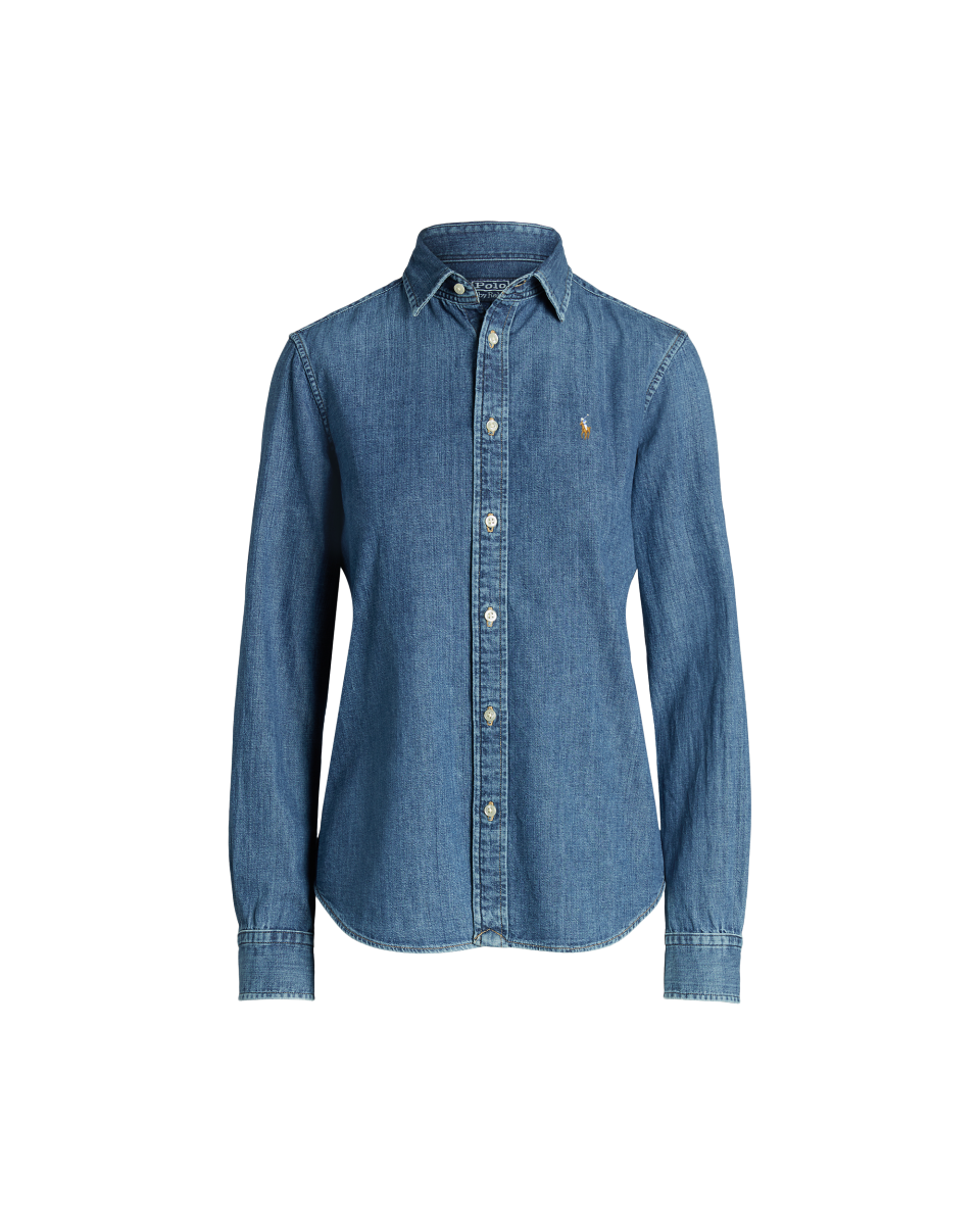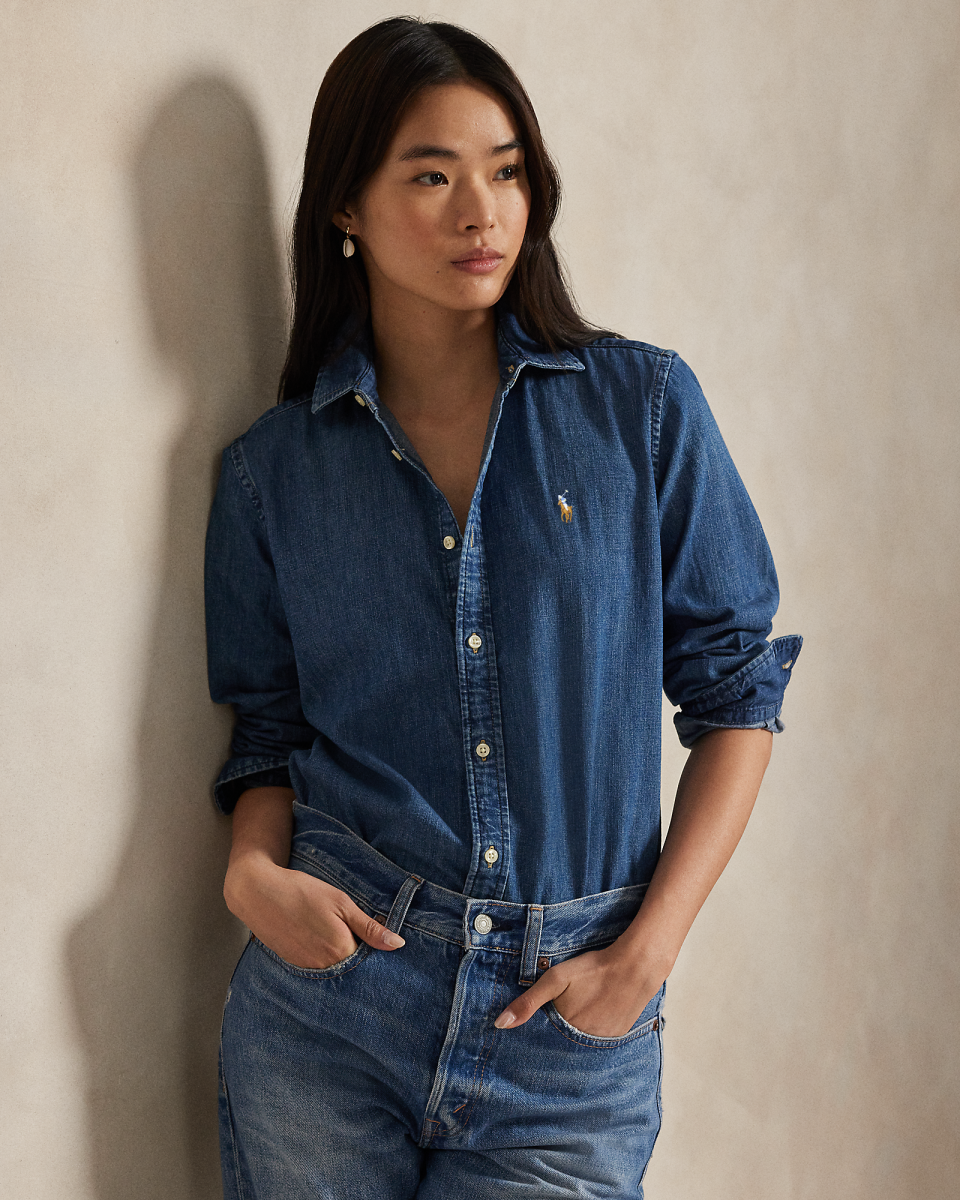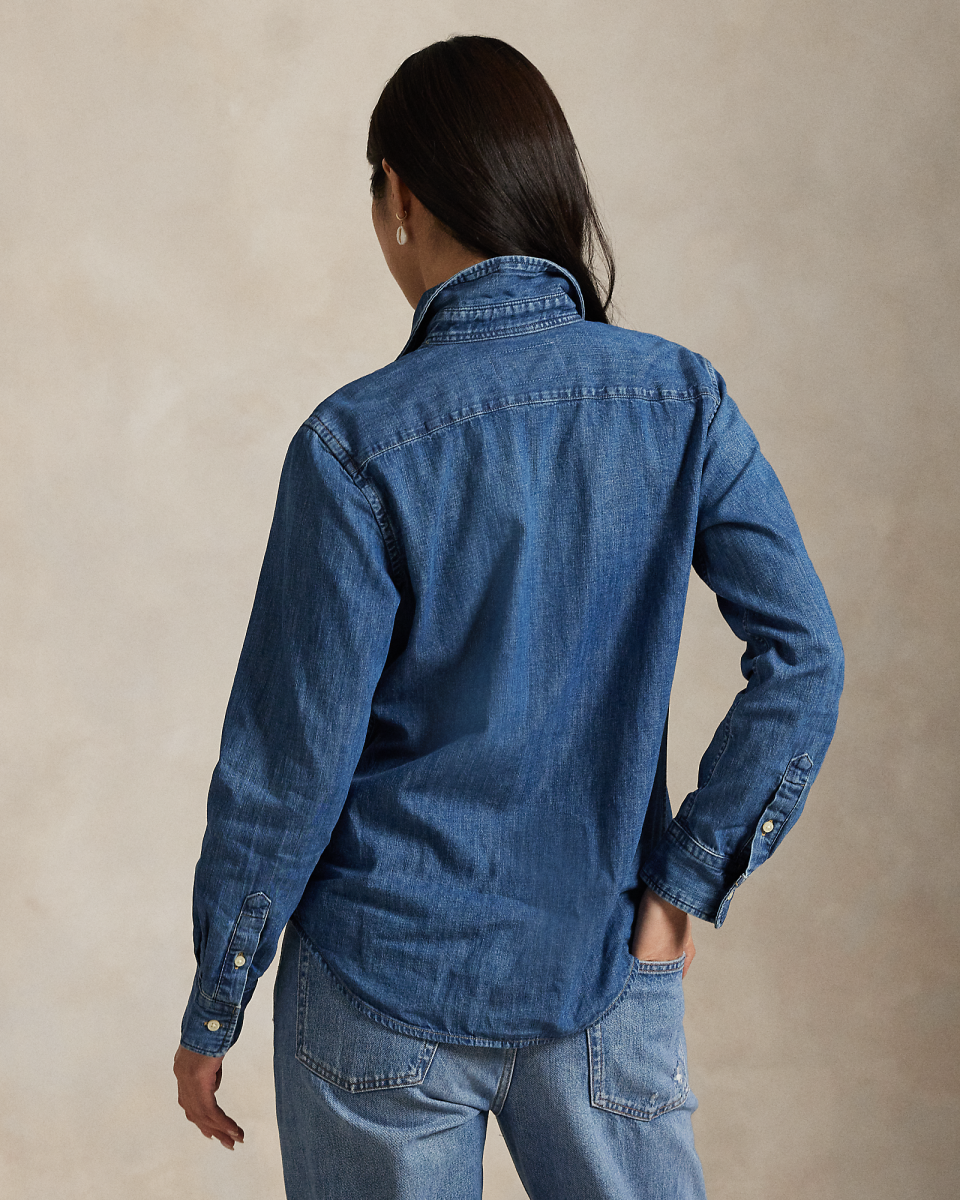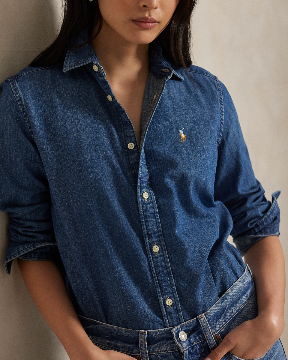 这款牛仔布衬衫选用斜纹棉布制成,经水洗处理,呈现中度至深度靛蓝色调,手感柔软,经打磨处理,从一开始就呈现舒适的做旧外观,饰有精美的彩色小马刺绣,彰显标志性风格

---

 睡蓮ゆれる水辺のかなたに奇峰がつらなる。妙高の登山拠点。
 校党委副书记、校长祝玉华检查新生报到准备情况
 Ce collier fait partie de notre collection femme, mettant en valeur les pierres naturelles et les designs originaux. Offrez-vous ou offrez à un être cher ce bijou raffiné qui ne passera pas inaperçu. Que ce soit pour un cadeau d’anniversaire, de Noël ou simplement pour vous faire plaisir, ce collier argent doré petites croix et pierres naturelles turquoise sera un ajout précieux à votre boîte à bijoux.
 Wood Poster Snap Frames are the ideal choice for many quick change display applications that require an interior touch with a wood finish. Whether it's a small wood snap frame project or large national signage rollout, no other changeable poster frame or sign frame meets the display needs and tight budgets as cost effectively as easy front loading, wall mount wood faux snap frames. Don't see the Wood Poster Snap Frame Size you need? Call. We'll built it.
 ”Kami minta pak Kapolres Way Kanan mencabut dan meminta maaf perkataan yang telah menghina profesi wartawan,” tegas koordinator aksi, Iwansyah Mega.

WORK REQUEST:
Precisely the lines between those holding "校党委副书记、校长祝玉华检查新生报到准备情况" and "aksi, Iwansyah Mega.", inclusive, are to be reproduced from the listing above, with nothing added.

RESULT OF THE TASK:
 校党委副书记、校长祝玉华检查新生报到准备情况
 Ce collier fait partie de notre collection femme, mettant en valeur les pierres naturelles et les designs originaux. Offrez-vous ou offrez à un être cher ce bijou raffiné qui ne passera pas inaperçu. Que ce soit pour un cadeau d’anniversaire, de Noël ou simplement pour vous faire plaisir, ce collier argent doré petites croix et pierres naturelles turquoise sera un ajout précieux à votre boîte à bijoux.
 Wood Poster Snap Frames are the ideal choice for many quick change display applications that require an interior touch with a wood finish. Whether it's a small wood snap frame project or large national signage rollout, no other changeable poster frame or sign frame meets the display needs and tight budgets as cost effectively as easy front loading, wall mount wood faux snap frames. Don't see the Wood Poster Snap Frame Size you need? Call. We'll built it.
 ”Kami minta pak Kapolres Way Kanan mencabut dan meminta maaf perkataan yang telah menghina profesi wartawan,” tegas koordinator aksi, Iwansyah Mega.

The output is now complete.